Makarios Consulting Blog

VOMP Your Way Out of a Conflict

Conflict is challenging, tiring, and frustrating. It’s also unavoidable. As a leader, you may experience more than your fair share of conflict situations. Knowing how to resolve them is critical to not only peace within your business, but to the ongoing productivity of your business.

Fortunately, the VOMP model, created by Crosby Kerr Minno Consulting, is a proven method for resolving conflicts effectively. VOMP stands for Ventilation, Ownership, Moccasins, and Plan. Here’s how the model works.

V: Ventilation

“V” is for “ventilation.” When resolving a conflict, it is essential that each party hears the other person’s side of the story. It is not necessary to agree with the other person; it is only necessary to understand the other person. During this stage of the process, you need to communicate both your thoughts and your feelings about the situation, and you must listen carefully to the other person as he or she explains their thoughts and feelings.

O: Ownership

The next step is “ownership.” Everyone contributes a piece to a conflict. This step is where you “own,” that is, accept responsibility for your piece of the problem. As humbling as it may feel, admit to whatever you have contributed to the situation. However, be certain not to take on more than your fair share. Accept only your responsibility, not the other person’s.

M: Moccasins

“M” is for “moccasins,” from the old phrase “walk a mile in the other person’s moccasins.” In this step, both parties need to express their understanding of and empathy for the other person’s experience and point of view. “Understanding” doesn’t necessarily mean agreement and “empathy” does not mean sympathy. This step lets the other person know that, given what they have told you in the Ventilation step and what they have taken Ownership of, you now have a better understanding of the situation as they saw it. This is where you express their feelings, and they express yours.

P: Plan

The final step in the VOMP model is to plan. This is where you strive for a solution. You talk about how you are going to ensure that things going forward will be different, and discuss what each of you needs and wants and is willing to do.

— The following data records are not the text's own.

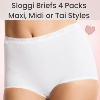 UNDERWEAR-RECOMMENDATIONSOur Sloggi briefs 4 packs are available in maxi, midi or tai styles in a choice of classic colours and a range of sizes. Unrivalled for comfort and perfect for everyday wear!
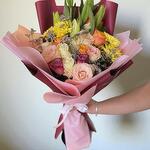 This vibrant bouquet combines tenderness and brightness in one elegant arrangement. Soft pastel roses blend harmoniously with sunny yellow chrysanthemums and unopened lily buds, creating a composition full of freshness and energy. Accented with delicate limonium and wrapped in stylish burgundy and pink paper, it is perfect for birthdays, celebrations, or simply to bring joy. To prolong its beauty, place the bouquet in clean water, trim the stems every 2 days, and keep it away from direct sunlight or heat sources.
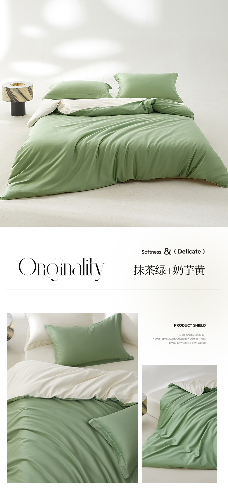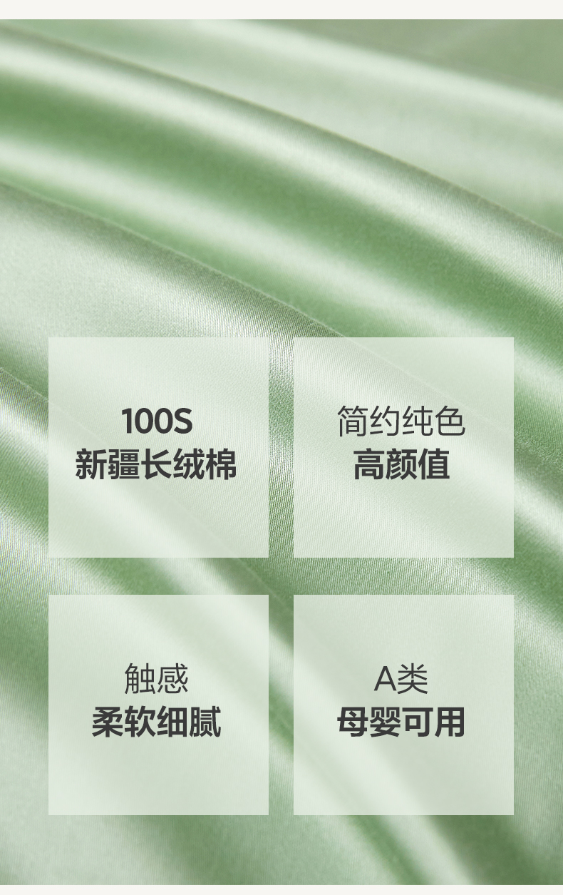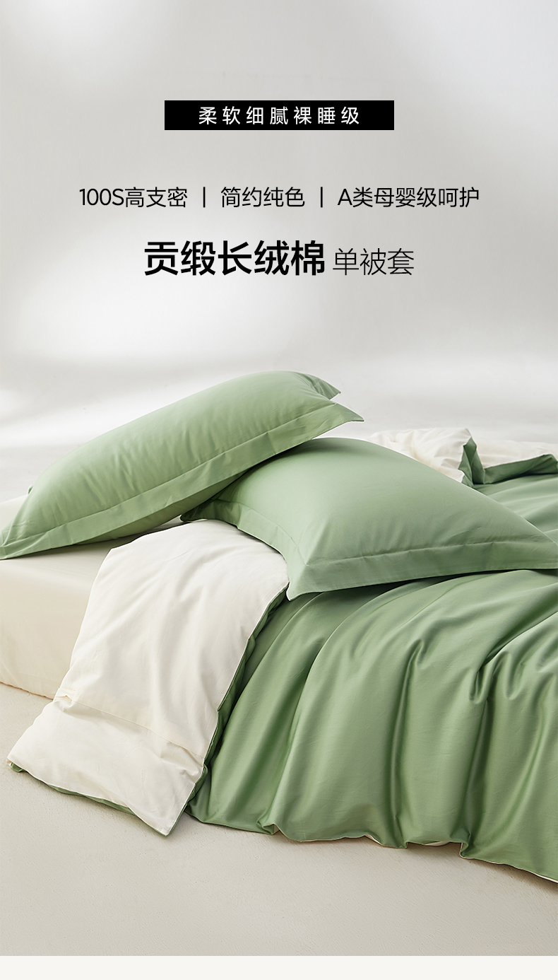 当前位置: 91家纺网 > 商品网购 > 床上用品 > 被套 > 轩和家居 2024新款A类50S贡缎长绒棉单被套系列 抹茶绿+浅香槟

Let’s see how the VOMP model works in action through this hypothetical but very common scenario:

Tensions escalated during a quarterly meeting between Mary Ann, VP of New Business Development, and Sam, VP of Business Operations, at ABC Website Design Company. Beginning with Ventilation, Sam expresses concern over salespeople bypassing the approved proposal process and promising clients too-low quotes and too-short timelines. Mary Ann counters that providing quotes quickly and turning projects around rapidly is crucial to getting and retaining clients.

In the Ownership stage, Sam takes responsibility for being potentially overly rigid about the formal process. Mary Ann acknowledges the need for sales to align better with operations and concedes that some commitments might have been made in haste.

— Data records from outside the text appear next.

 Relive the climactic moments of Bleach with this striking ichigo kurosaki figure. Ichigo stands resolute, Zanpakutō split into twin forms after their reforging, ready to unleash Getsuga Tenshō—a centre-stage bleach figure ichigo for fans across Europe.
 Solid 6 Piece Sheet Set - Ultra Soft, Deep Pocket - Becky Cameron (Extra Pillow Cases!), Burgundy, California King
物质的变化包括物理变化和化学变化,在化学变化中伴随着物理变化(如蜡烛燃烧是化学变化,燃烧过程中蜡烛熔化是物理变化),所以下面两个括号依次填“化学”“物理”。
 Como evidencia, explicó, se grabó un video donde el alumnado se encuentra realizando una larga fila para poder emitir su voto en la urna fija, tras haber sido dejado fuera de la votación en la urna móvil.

During the Moccasins stage, Sam empathizes with Mary Ann’s drive to secure clients in a competitive market. Mary Ann shows an understanding of Sam’s role in maintaining operational efficiency and financial health.

For the Plan stage, Sam proposes the creation of well-defined pricing guidelines and timelines for four basic project types. Mary Ann’s sales team can instantly provide quotes and timeframes for these projects, given the set guidelines. For projects beyond this scope, a formal proposal process will still be required. This collaboration ensures that the sales team aligns with operational realities while maintaining the flexibility to address client needs.

By following the VOMP model, Mary Ann and Sam can effectively navigate their conflicting positions, leading to a mutually beneficial plan that acknowledges the necessity of both client satisfaction and operational efficiency.

You will not become an expert in the VOMP process overnight, so be patient and persistent. Your skills will grow and develop through practice, commitment, and motivation. The end result – achieving new levels of both comfort and success in handling conflict – is well worth the effort!